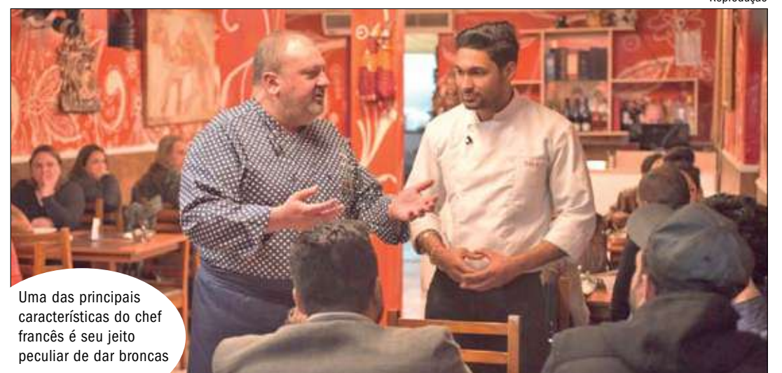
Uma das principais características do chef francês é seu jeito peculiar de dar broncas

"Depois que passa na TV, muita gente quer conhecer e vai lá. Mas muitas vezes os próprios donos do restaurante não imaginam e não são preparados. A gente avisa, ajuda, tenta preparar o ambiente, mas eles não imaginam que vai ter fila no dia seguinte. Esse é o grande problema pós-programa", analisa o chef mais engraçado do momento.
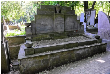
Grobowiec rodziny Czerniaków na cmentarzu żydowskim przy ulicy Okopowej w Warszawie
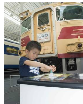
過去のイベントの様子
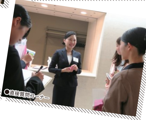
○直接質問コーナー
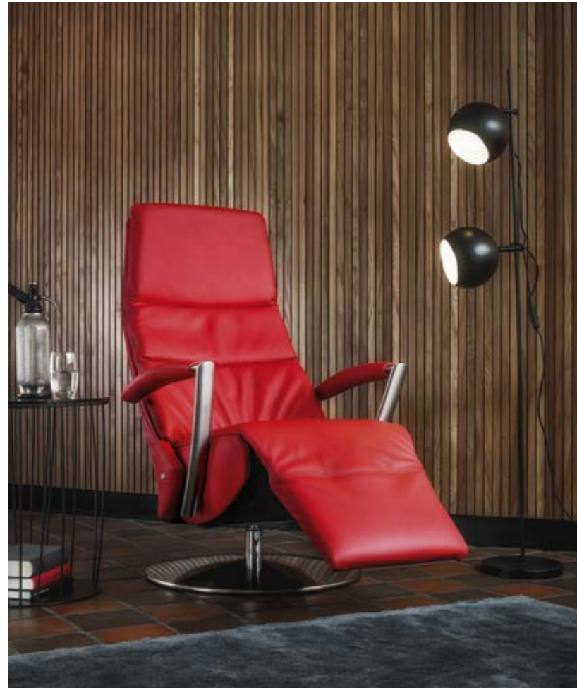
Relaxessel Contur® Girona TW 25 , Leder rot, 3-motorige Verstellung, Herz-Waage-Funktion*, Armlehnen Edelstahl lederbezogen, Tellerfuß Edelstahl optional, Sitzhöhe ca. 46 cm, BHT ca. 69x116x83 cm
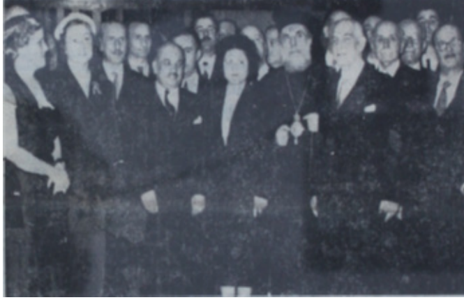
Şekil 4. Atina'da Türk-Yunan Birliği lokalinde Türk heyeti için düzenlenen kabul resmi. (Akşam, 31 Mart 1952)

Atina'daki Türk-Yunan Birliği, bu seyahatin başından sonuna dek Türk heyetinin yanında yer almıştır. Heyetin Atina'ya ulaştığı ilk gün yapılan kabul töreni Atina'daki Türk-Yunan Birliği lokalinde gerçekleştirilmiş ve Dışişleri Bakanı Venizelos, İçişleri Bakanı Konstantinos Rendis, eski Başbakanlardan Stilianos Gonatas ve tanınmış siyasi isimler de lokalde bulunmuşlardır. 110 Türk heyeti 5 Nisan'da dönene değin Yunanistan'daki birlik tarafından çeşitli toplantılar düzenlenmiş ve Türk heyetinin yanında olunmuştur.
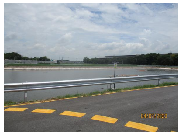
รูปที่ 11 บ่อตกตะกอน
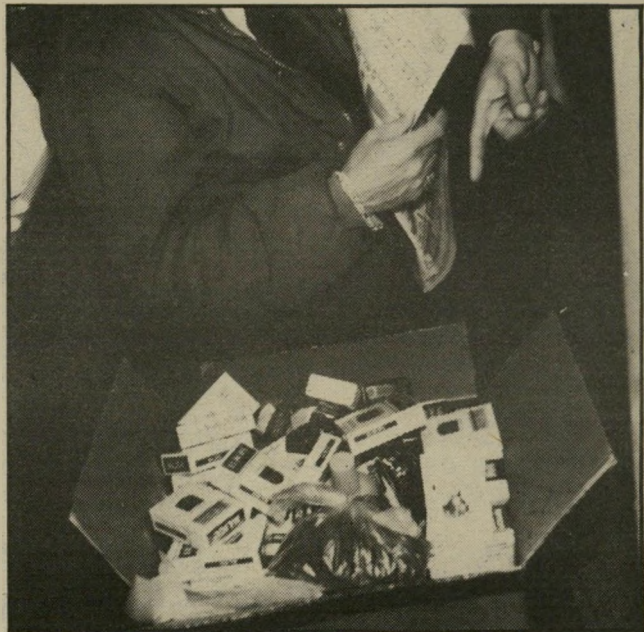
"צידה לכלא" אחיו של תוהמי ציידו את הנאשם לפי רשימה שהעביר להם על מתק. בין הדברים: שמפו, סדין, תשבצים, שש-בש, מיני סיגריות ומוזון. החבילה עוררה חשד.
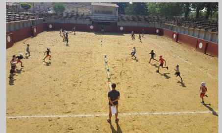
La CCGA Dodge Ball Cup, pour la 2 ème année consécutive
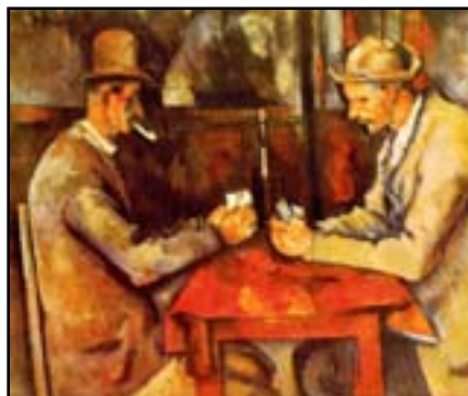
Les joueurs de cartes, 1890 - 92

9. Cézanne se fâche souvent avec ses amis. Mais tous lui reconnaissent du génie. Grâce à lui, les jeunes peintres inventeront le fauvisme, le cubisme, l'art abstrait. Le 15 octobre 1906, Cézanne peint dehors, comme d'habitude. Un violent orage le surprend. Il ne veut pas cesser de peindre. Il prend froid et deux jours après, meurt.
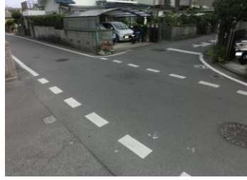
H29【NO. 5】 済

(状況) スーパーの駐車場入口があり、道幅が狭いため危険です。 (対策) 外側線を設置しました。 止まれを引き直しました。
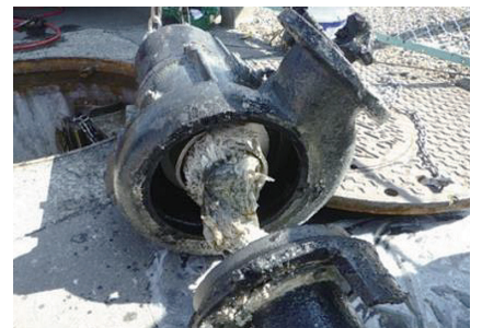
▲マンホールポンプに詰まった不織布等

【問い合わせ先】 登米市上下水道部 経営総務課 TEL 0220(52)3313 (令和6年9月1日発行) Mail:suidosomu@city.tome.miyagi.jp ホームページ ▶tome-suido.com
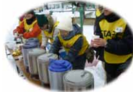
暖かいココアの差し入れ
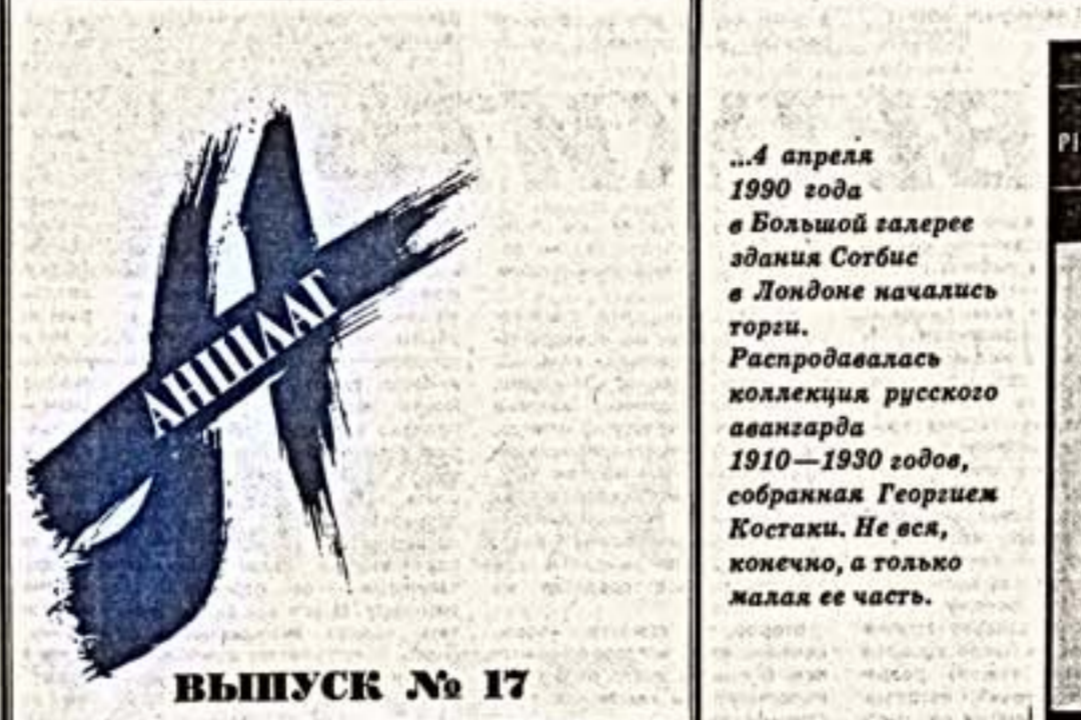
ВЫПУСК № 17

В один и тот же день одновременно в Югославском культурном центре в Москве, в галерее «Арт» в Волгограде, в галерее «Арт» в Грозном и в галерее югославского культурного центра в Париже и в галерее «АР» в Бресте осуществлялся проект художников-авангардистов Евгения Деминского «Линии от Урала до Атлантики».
◆ ◆ ◆ ◆
**Description of the task:**
Could the stretch from the line with "Grobowiec rodziny Czerniaków" through the line with "Şekil 4. Atina'da" in the listing above be restated word for word, minus the pictures?

**Output:**
Grobowiec rodziny Czerniaków na cmentarzu żydowskim przy ulicy Okopowej w Warszawie
過去のイベントの様子
○直接質問コーナー
Relaxessel Contur® Girona TW 25 , Leder rot, 3-motorige Verstellung, Herz-Waage-Funktion*, Armlehnen Edelstahl lederbezogen, Tellerfuß Edelstahl optional, Sitzhöhe ca. 46 cm, BHT ca. 69x116x83 cm
Şekil 4. Atina'da Türk-Yunan Birliği lokalinde Türk heyeti için düzenlenen kabul resmi. (Akşam, 31 Mart 1952)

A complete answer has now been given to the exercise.